I lie abed, my dream wandering to Sue, her silent movement

thru the empty rooms of the house, sitting, reading on the couch,

she too looking up into this strange sky, lost in sorrow,

 

perhaps moved by naked stems trembling beyond her grasp.

her solitude, like mine, must be complete.

 

 

6.

 

the father, scarecrow in a Marlboro Man black stetson,

dumps suitcases into the back of the rusted Chevy wagon,

one taillight covered with red tape.

 

round as a turnip, the wife stows gear, herds the children

into the seats.

 

they have been here two days, yelling thru the walls,

children crying softly, moans of terror in the background.
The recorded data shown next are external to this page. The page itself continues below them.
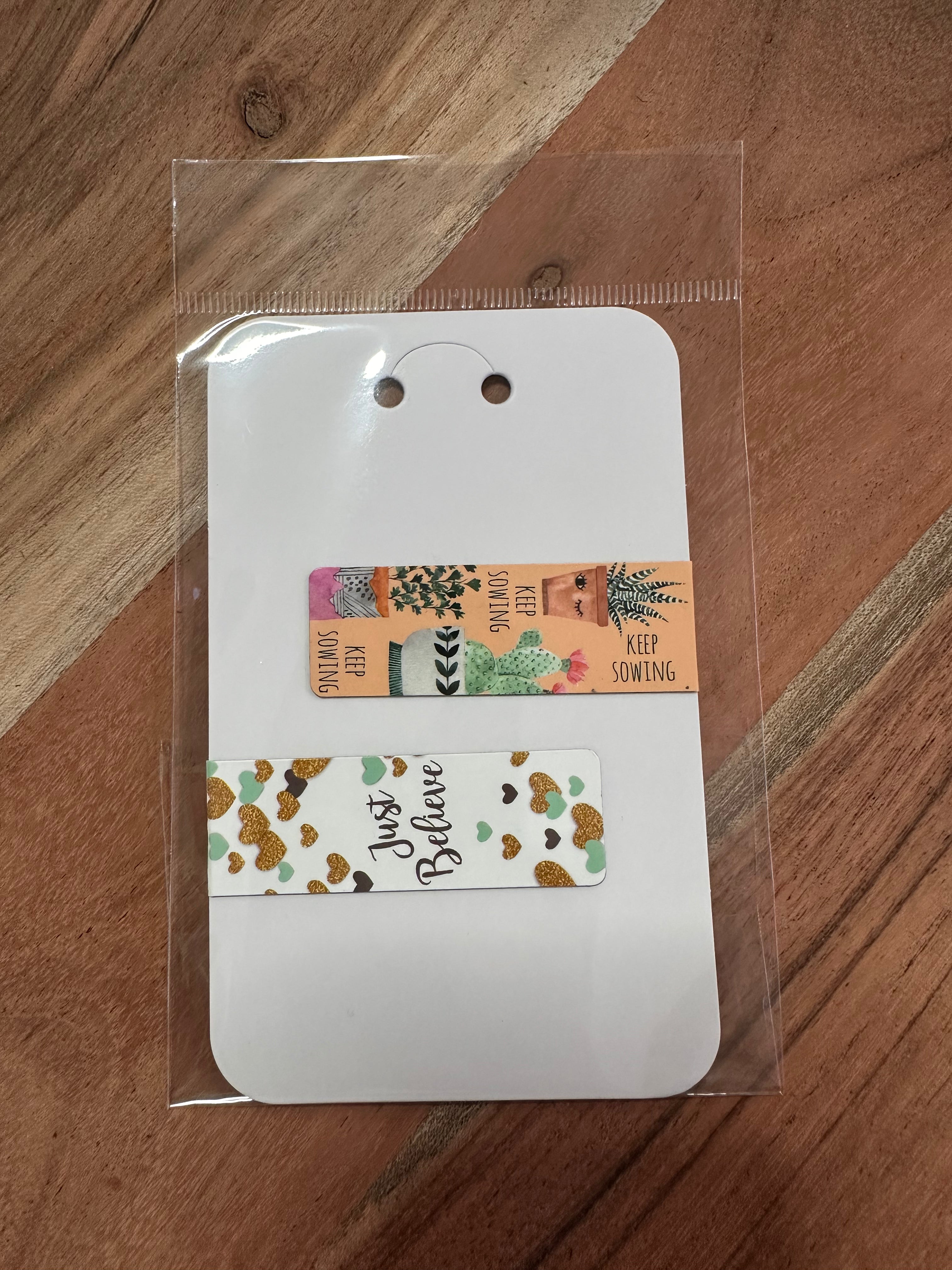 These cute paired magnetic bookmarks are perfect for saving your page in any book, notebook, or project. Choose from our several designed pairs.
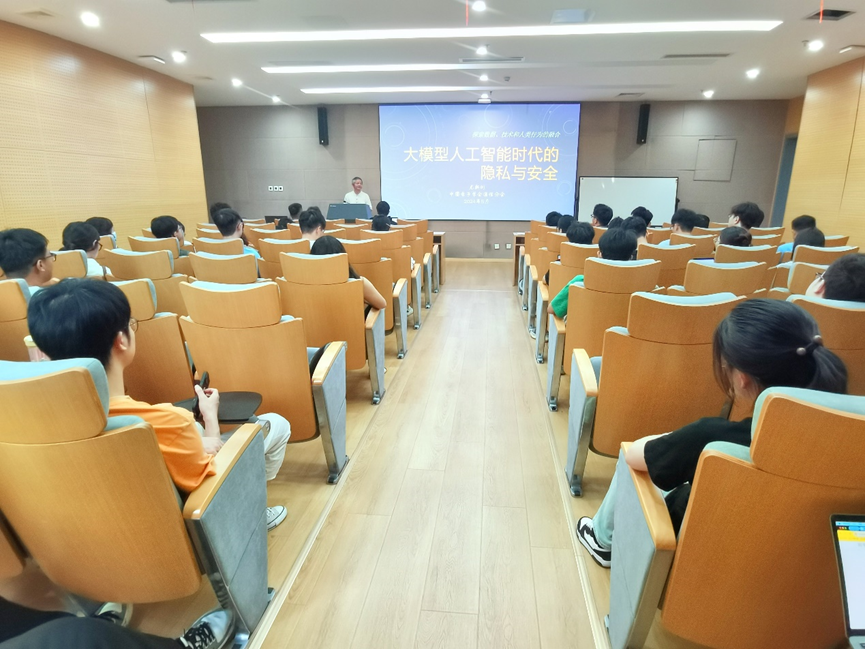 2024年5月23日星期四上午10点,应我院王宏霞教授邀请,中国电子学会通信分会尤新刚教授在四川大学江安校区多学科交叉创新研究大楼919学术报告厅作了题为“大模型人工智能时代的隐私与安全”的学术讲座。本场讲座由王宏霞教授主持。
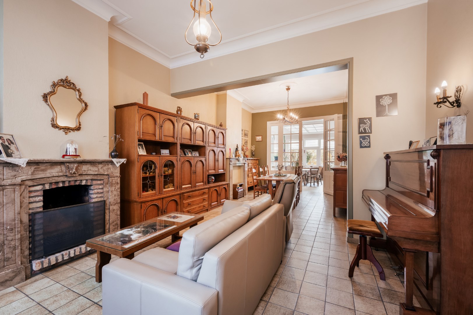 Glv: impressionante inkomhal (10.75m²) - living met open haard (36m²) - leefkeuken met vaatwas, elektrische kookplaat + oven, frigo en dubbele inox spoelbak (26m²) - terras (24m²) - zuidgerichte tuin met achteruitweg en bijgebouw/tuinberging (27m²) met zolder (20m²)

I’ve heard bathwater running at midnight, Spanish lullabies.

 

I’ve seen the boy and girl wandering into the brush,

shouted back by the wife’s shrill voice rising

like steam in a shrieking kettle.

 

their car rattles to life, mufflerless,

its battered Texas plate crooked as they turn the corner,

the night coming, on the road at last.

 

 

7.

 

near miss turnoff from freeway, sleet in heavy traffic,

horns screaming around us all:  shaken,

I head for my room thru the warren of the flophouse:

 

my neighbor, a black man with salt & pepper beard,

sits in underpants, door wide open, his bum leg

wrapped in knee brace,

 

workboots & soiled pants scattered across the room,

TV blaring.  seeing me pass, “hey brother!” he shouts,

brother!  welcome home!”

 

 

8.

 

after workout:  his face is unremarkable, his voice

a chatter of platitudes & biblical quotes, yet

his penis hangs achingly low, its huge barrel

 

a lovely pink, swollen even limp, its head curving

thru its ellipse to the cupid’s bow where the lines,

lovely & delicate as the curves in a lily’s flower,

 

join.  others come & go, yet this his flower

is a work of art, worthy of lips & tongue, an icon

of tenderness for a heart aching & charged.

 

 

9

 

my therapist, a stately woman, observant eyes,

apologizes for jumping from question to question,

asks me to be patient as we dive into the pool

of my life.  her office is a quiet glen.

 

suddenly, I am a child, wandering naked

in the woods of my childhood:  Indian pipes,

mayflowers, the dark earth under leaf litter,

the shimmer of the canopy, hint of blue

 

beyond, my canoe awaits, & there

is the voyageur & Anishnabe of my dream,

the mirror where that child face looks back

without pain, without a thought, mad to go.

 

 

10.

 

as I turned into the rush-hour traffic,

the lost mother came to me in memory:

 

when she thought

the children were finally asleep,

 

she wept softly into her pillow

in the late-night silence.

 

the eldest boy lay

still in his bunk & listened,

 

her tears punctuating the soft

splashing along the riverbank,

 

the far off scream

of a rabbit dying, the screech owl’s cry.

 

above, the stars shone, a net

winking out over the long valley.

 

 

11.

 

59th birthday:  tonight

            I must face the woman I love

                        & have loved, the woman

 

I have hurt.

            I must look into my son’s eyes

                        & pray they haven’t gone stone hard

 

in this long night,

            as mine once did.  how

                        long a journey one must make

 

to come at last

            to oneself, & see the patches

                        one makes of his life, those

 

he would never harm

            crushed & in agony.  then,

                        too, my mother lies dying

 

& I have not seen her,

            nor visited.  she must lie abed

                        & now may not even recall the day.

 

 

12

 

what is this cool

            water, running over my ankles,

                        my toes sinking in sand?

 

I awake as from a dream.

 

it’s raining softly & rush hour has begun.

the drops hang, diamonds

suspended

 

beneath transformers, wires, along chainlink

topped with barbed wire,

 

& in apple branches which no longer bear fruit.

 

I am lonely, yet this is home.

what must it be to have a lover, one who

welcomes a touch,

 

whose skin trembles

as mine does in dreamed memory, when

skin brushes against skin, casually?

 

the grey evening comes on,

as deeply moving as any postcard dawn.

soon, I know, I will return home.

 

she & I will try again, hold hands,

& while the sighs remain, the love is true:

this will be a gateway, & I will pass thru.